The central midfield is the heart of every team that is intent on dominating the game based on ball and field control. In build-up play, accurate passing and creativity are required, while positioning and tackling skills are important in the game without the ball. In addition, a high willingness to run, a good vision, and always being switched on are advantageous skills to have as well. Accordingly, the job description for a central midfielder asks for great versatility. One moment one is the initiator, the next the inhibitor. The pressure is immense, both physically and mentally.
In this respect, it is understandable that Hansi Flick has high expectations of his midfielders, while at the same time not wanting to ask too much from young players, let alone burn them out. Moreover, an outsider cannot judge the training performance that the players offer the coach day in and day out. But especially in the phase of Joshua Kimmich’s injury or when fresh legs are needed in the final stages of a game, it is hard to find a reason why Flick has not given Marc Roca even a small chance.
The Spaniard had been on Munich’s radar for some time. He was a signing favored by Salihamidžić last summer and was brought in at short notice during the closing stages of the transfer window. Do the sporting director and the coach not talk about such a player, about his fit for the team, and about his possible role before the decision to sign him? Or does the image the sporting director had of him not fit the real player Marc Roca? From the outside looking in, we are left with idle speculation.
During the few minutes that Roca was allowed to show his qualities on the pitch, he certainly impressed. His yellow card against Salzburg was not a recommendation, but before and after it he was very posied and confident and a calming influence in Bayern’s game. Such qualities are rarely attributed to Corentin Tolisso. Nevertheless, thus far the Frenchman has in the main been preferred by Flick, despite all the limitations that have by now become obvious since he was signed three years ago for more than €40m.
It is a different story with Angelo Stiller, who was a key factor in Bayern’s second team’s resurgence last season. Yet he never really got a chance to recommend himself for higher tasks, and was little more than a player to make up the numbers in training for Flick. Without steady training at a high level, development stagnates. Even more importantly, Stiller could not learn the (group) tactical aspects of Flick’s system. No wonder the coach does not give him a chance in the first team if the player is not familiar with his system.
The next exciting player for the position is already in the starting blocks with youth player Torben Rhein, who is described by many as one of the brightest talents on the Bayern campus right now. Will Flick do things differently with him than he did with Stiller? The transfer of Tiago Dantas, who is only slightly older and plays in the same position, has put a solid competitor in front of him. Not the best signs.
It is a myth as old as the Bundesliga itself: The great FC Bayern cripples their opponents by buying away their best players. While this may have been true in the 2000s, the Bayern team’s current success can no longer be explained by this old wives’ tale. So it is high time to get to the bottom of this legend and disprove it once and for all.

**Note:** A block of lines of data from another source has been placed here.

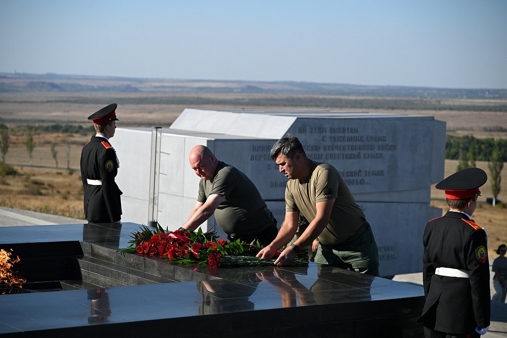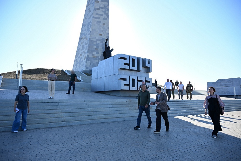Глава Башкирии Радий Хабиров и руководитель Донецкой Народной Республики Денис Пушилин возложили цветы к Вечному огню мемориального комплекса «Саур-Могила».
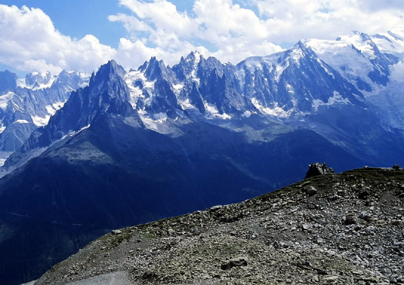 画面右上部に氷河のある山が見えます。氷河の左端のピークはMont Maudit 4465m。その直下の三角垂の山の戴きがAiguille Du midi。 隣の氷河の戴き(Vの字型の岩に囲まれている氷河)がMont Blanc Du Tacul 4248M。その右横がモンブラン(4807m)ですが、頂きは丁度画面から切れて見えません。 NO1の右方向を撮った画像です。
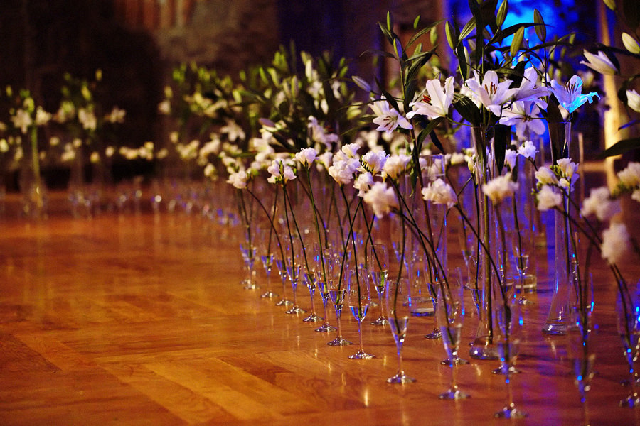 Poniższe zdjęcia to realizacje konsultantek z Raz w Życiu. Na jednym z tych wesel dziewczyny wyczarowały łąkę w środku zimy – 300 kwiatów w delikatnych wazonach w kształcie kieliszków ozdobiło podłogę komory Jana Haluszki, tworząc przepiękną łąkę i niezapomniany klimat.
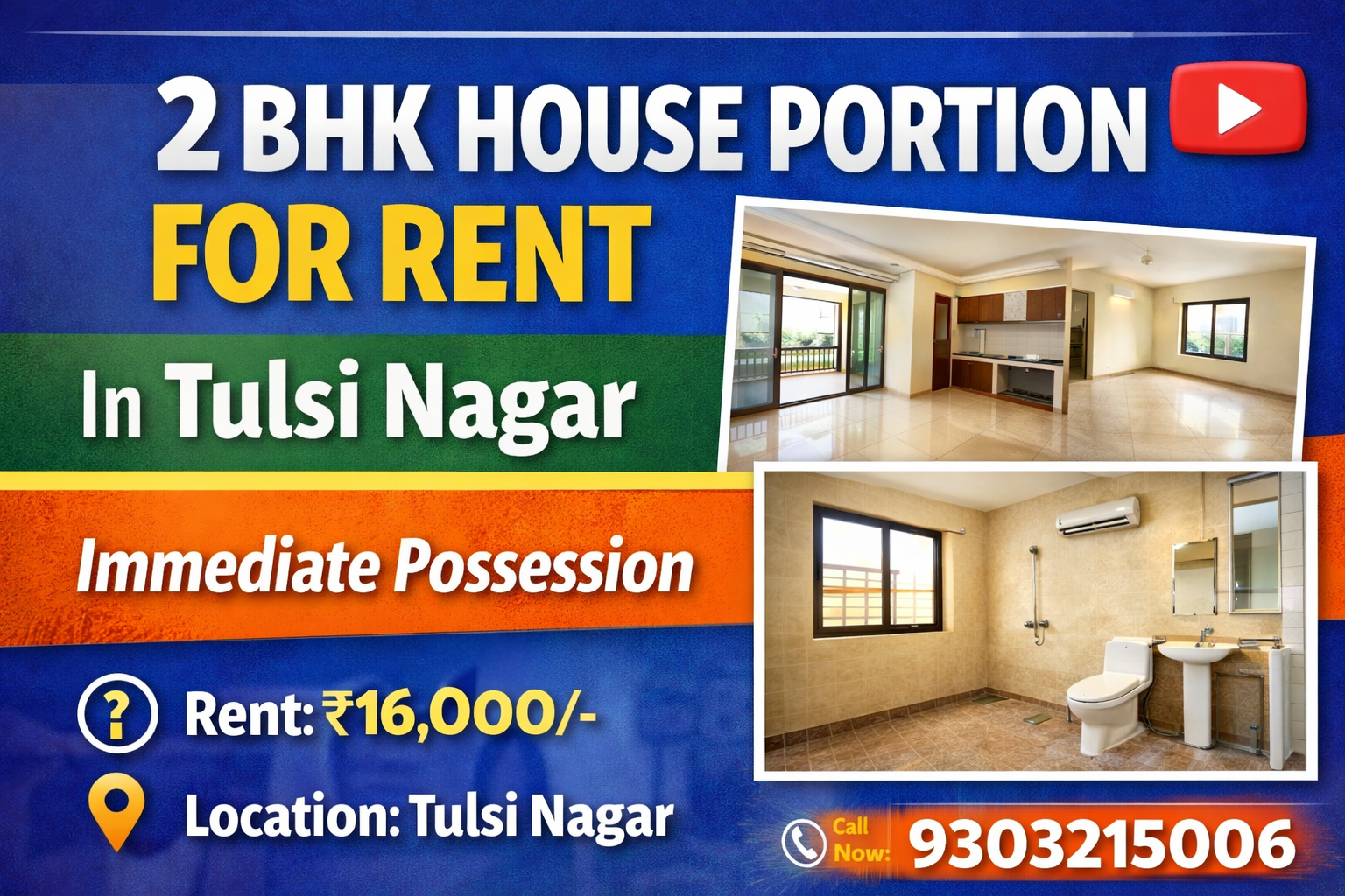 💰 Rent: ₹16,000/- per month 📍 Location: Tulsi Nagar
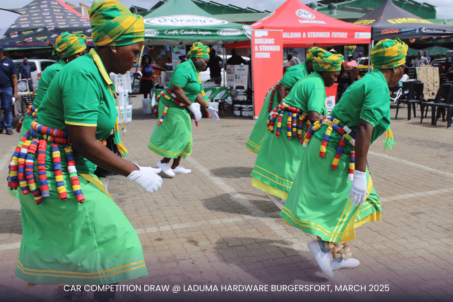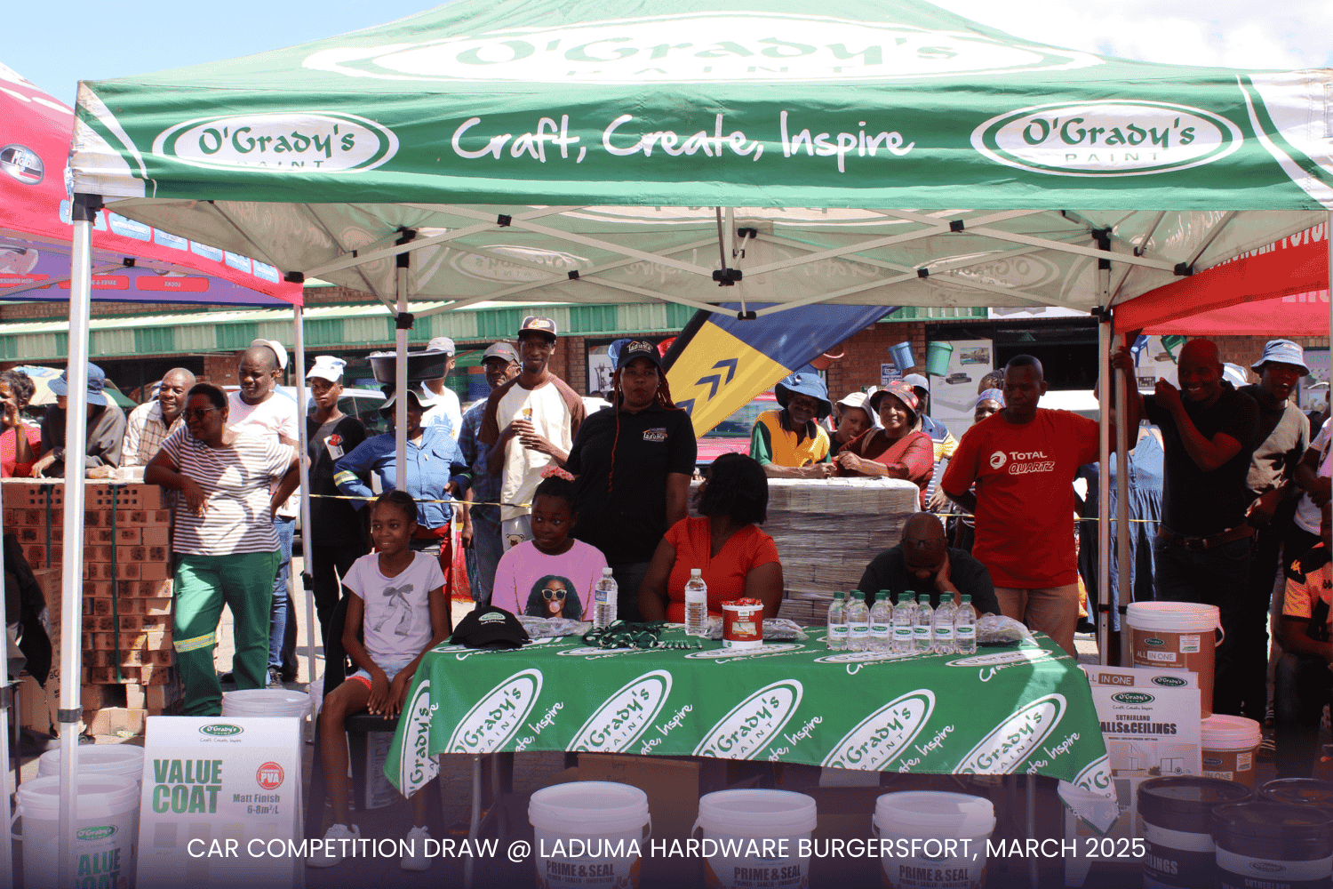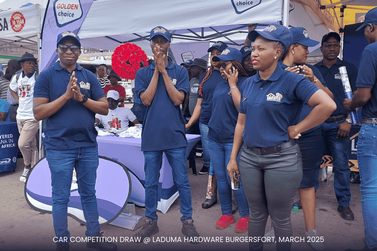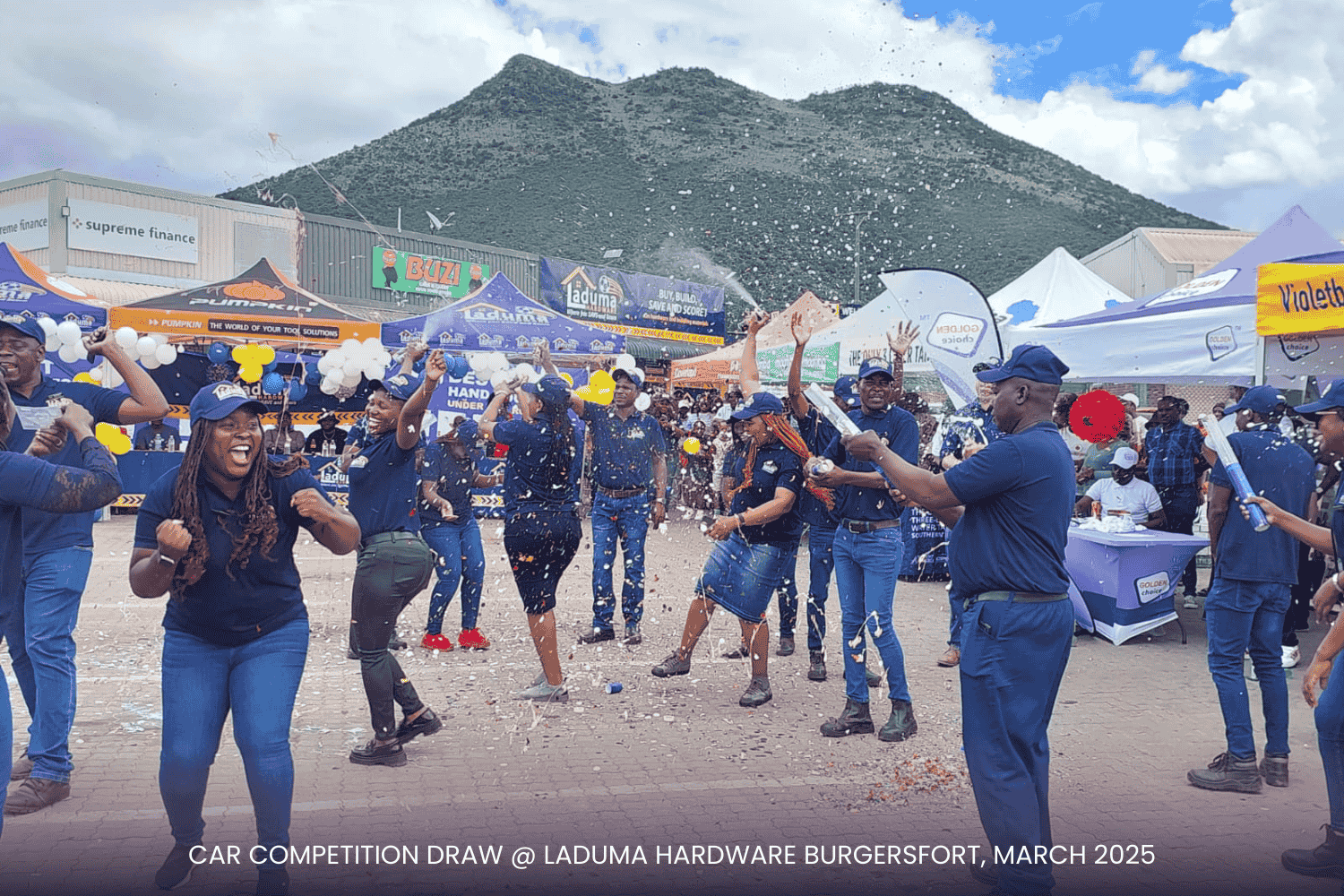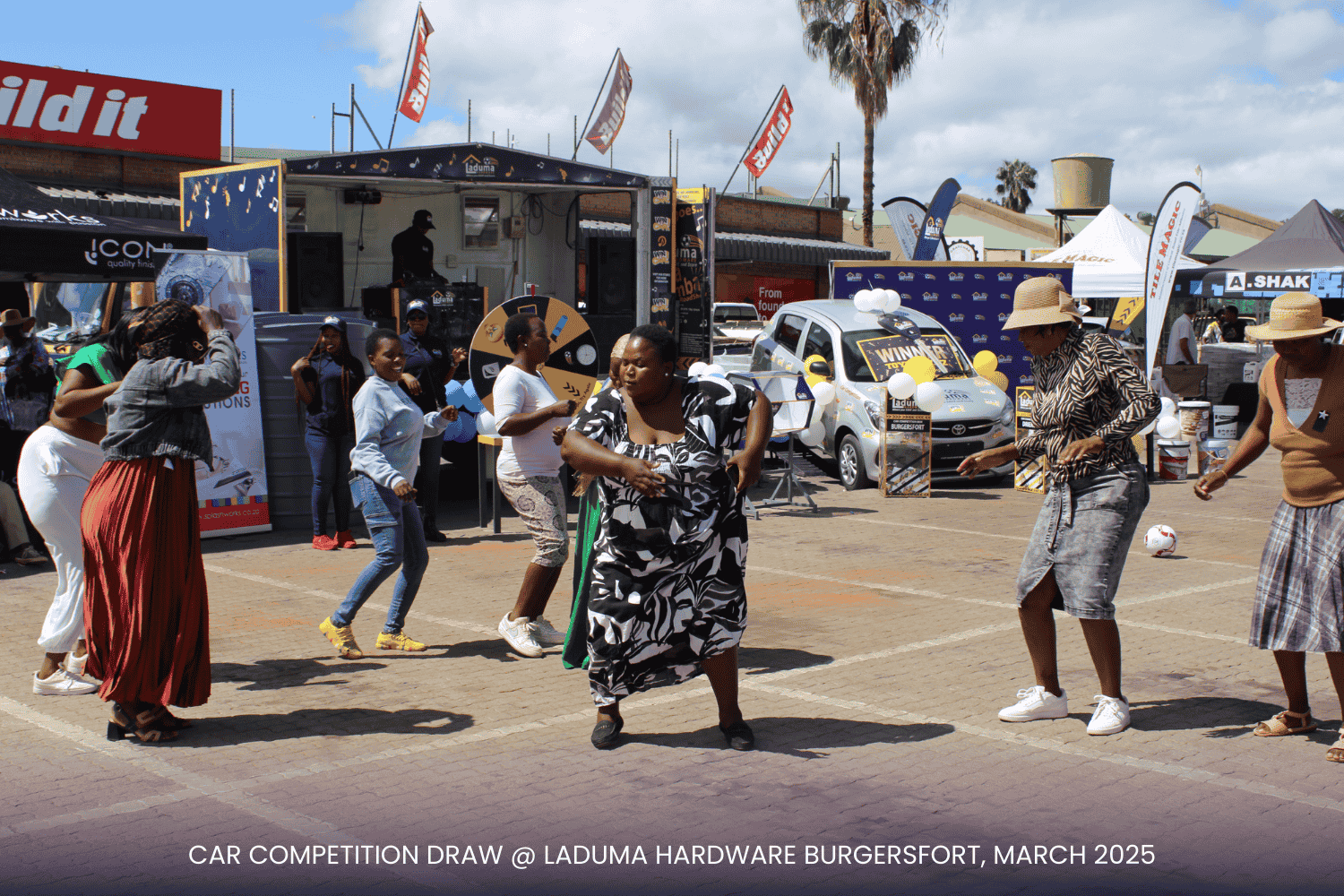 With a prime setup right at the doorstep of our competitor, Build It, the event was a visual spectacle! Our incredible suppliers—Tile Magic, Al Shaik, Lin Tank, Africa Tank, Corobricks, Matus, PPC Cement, and Mamba Cement and others—showed up in style, displaying their products and promotional items to keep the audience engaged. The Laduma Team worked tirelessly to create an exciting, well-organized arena, ensuring top-tier entertainment for our valued customers.

From the current Bayern squad, only eight players have joined from another Bundesliga team. Dortmund, whose boss Watzke likes to invoke the ‘Buyern’ cliché, have ten. Seven of them have joined BVB since 2017, while during the same period only four have joined Bayern. Of the eight players, Kimmich and Nübel also joined Bayern before their first international match. Even Gnabry and Goretzka at the time of their arrival were seen by the public as squad players rather than star signings.
If you search the list of the most expensive departing players in Bundesliga history, you have to scroll down to 17th place to find the first Bayern signing: Mario Götze. Ahead of him are VfL Wolfsburg, Newcastle United and West Ham United, among others. Meanwhile, the most profilgate spenders on Bundesliga players are found in the EPL: Manchester City with two players from the top ten for a total of €128 million, and Chelsea FC with three players for a total of €197 million. If you sort the list by market value at the time of the transfer (according to transfermarkt.de), Lewandowski and Goretzka are in the top 25, as are Brandt, Hazard, as well as Hummels and Götze on their return to their former club.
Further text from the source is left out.